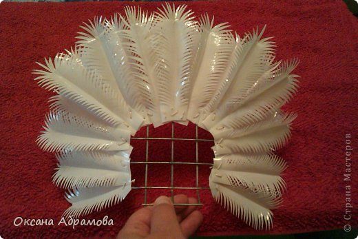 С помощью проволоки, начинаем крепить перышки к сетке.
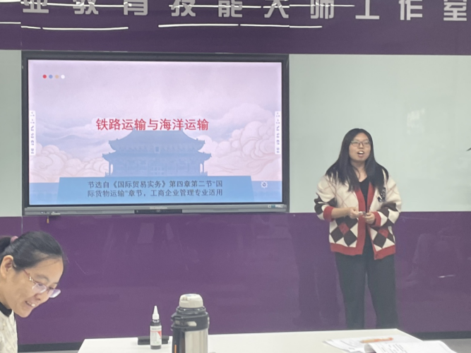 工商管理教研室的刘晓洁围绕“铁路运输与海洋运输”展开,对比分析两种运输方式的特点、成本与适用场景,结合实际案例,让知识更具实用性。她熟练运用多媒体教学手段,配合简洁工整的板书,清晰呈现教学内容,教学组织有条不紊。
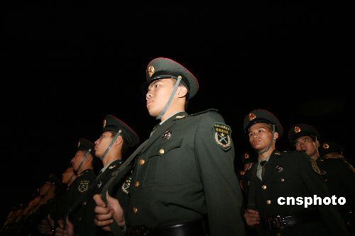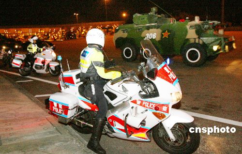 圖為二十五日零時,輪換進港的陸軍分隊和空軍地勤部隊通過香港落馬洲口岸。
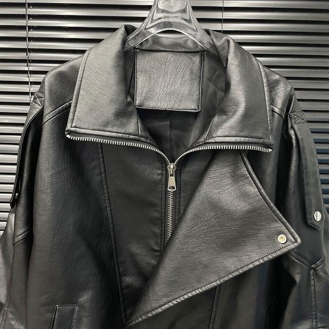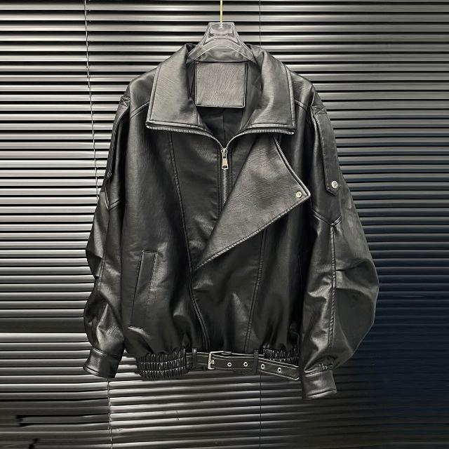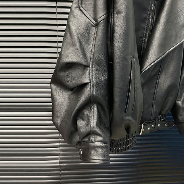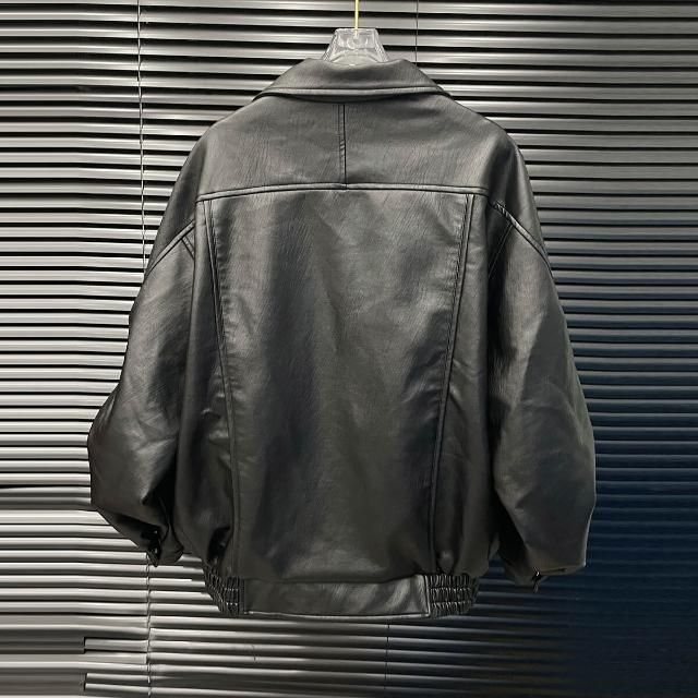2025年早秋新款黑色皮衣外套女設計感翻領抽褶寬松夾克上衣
==
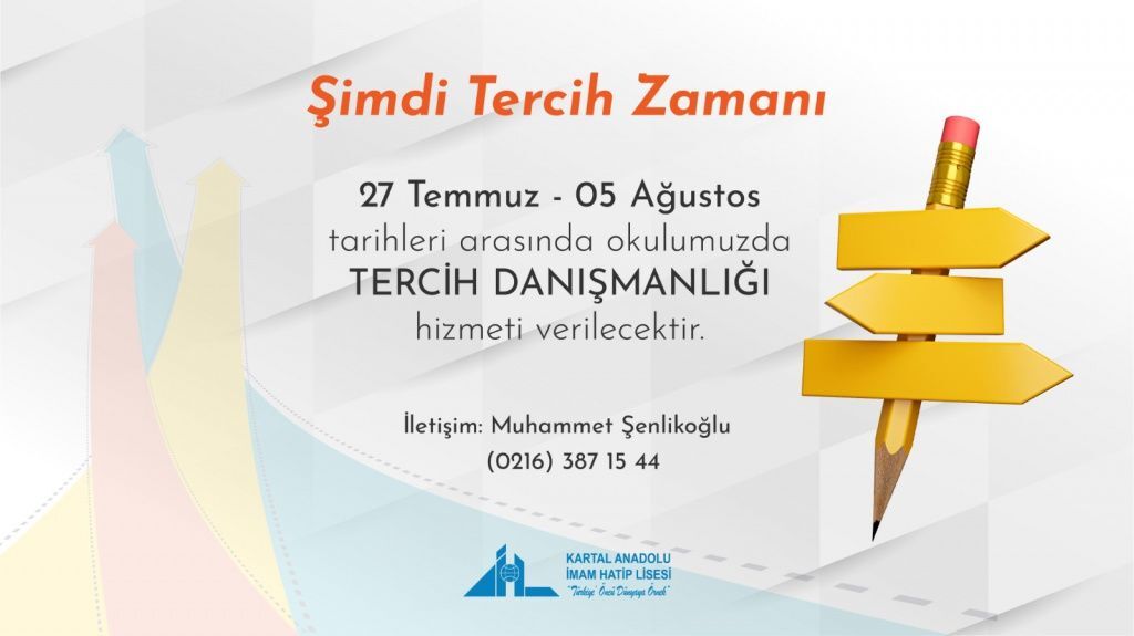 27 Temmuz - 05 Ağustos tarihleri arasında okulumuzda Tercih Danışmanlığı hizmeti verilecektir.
==
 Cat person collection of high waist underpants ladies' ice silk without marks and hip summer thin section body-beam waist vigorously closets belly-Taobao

**Problem details**
Exactly reproduce the lines above, starting at the one that contains "С помощью проволоки, начинаем" and ending at the one that contains "2025年早秋新款黑色皮衣外套女設計感翻領抽褶寬松夾克上衣", both inclusive; leave the pictures out and add no other lines.

**Response to the exercise**
 С помощью проволоки, начинаем крепить перышки к сетке.
 工商管理教研室的刘晓洁围绕“铁路运输与海洋运输”展开,对比分析两种运输方式的特点、成本与适用场景,结合实际案例,让知识更具实用性。她熟练运用多媒体教学手段,配合简洁工整的板书,清晰呈现教学内容,教学组织有条不紊。
 圖為二十五日零時,輪換進港的陸軍分隊和空軍地勤部隊通過香港落馬洲口岸。
2025年早秋新款黑色皮衣外套女設計感翻領抽褶寬松夾克上衣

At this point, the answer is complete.